She doesn’t have a boyfriend, the baby’s dad isn’t involved as far as I know and I honestly don’t think he will be. She’ll be living here with me and her younger brother once the baby’s born. She hasn’t had any contact with her dad (my ex) for a few years now, completely her choice. Youngest still sees him but she doesn’t want anything to do with him. He was always firmer with her and she didn’t like that one bit. She always preferred to come to me when she wanted something and I usually gave in, which I know hasn’t helped long term.

I just feel like I’m being put in this impossible position. She’s under my roof, she’s still very young herself, I’m going to be helping with this baby, and now I have to try and separate the grief of losing one child with the day to day of helping raise another with the same name? It feels a bit cruel, honestly.
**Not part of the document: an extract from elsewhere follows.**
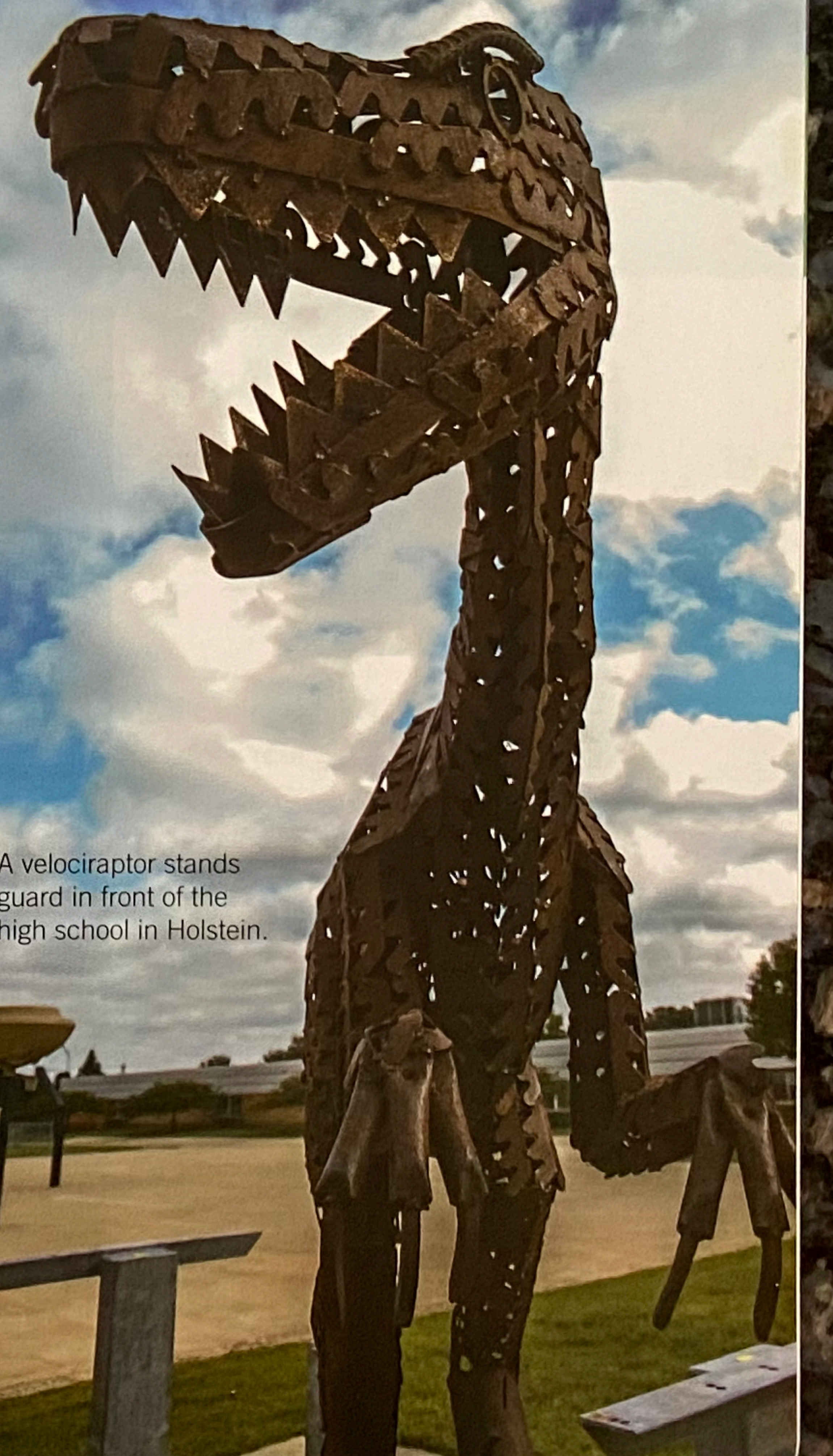
A velociraptor stands guard in front of the high school in Holstein.

Still not sure what to do.

I do think it’s really cruel, yes.
I can see that she also feels some connection to that name and “ownership” of it, possibly guilt at being the survivor, but it’s still so cruel to use his name when you have said how upset it would make you.
It’s very immature, but while she will grow up and hopefully become kinder, her baby will have this name forever.

Fortydegreeze · 01/07/2025 17:27

Do you feel bullied by your daughter OP? You’ve not said as much, but the fact that she’s planning on having this baby, no input from a father in your home and naming it something she knows will hurt you?

BIossomtoes · 01/07/2025 17:28

I really feel for both of you. She thought she was doing a really nice thing and it’s backfired spectacularly. It’s a horrible situation for both of you.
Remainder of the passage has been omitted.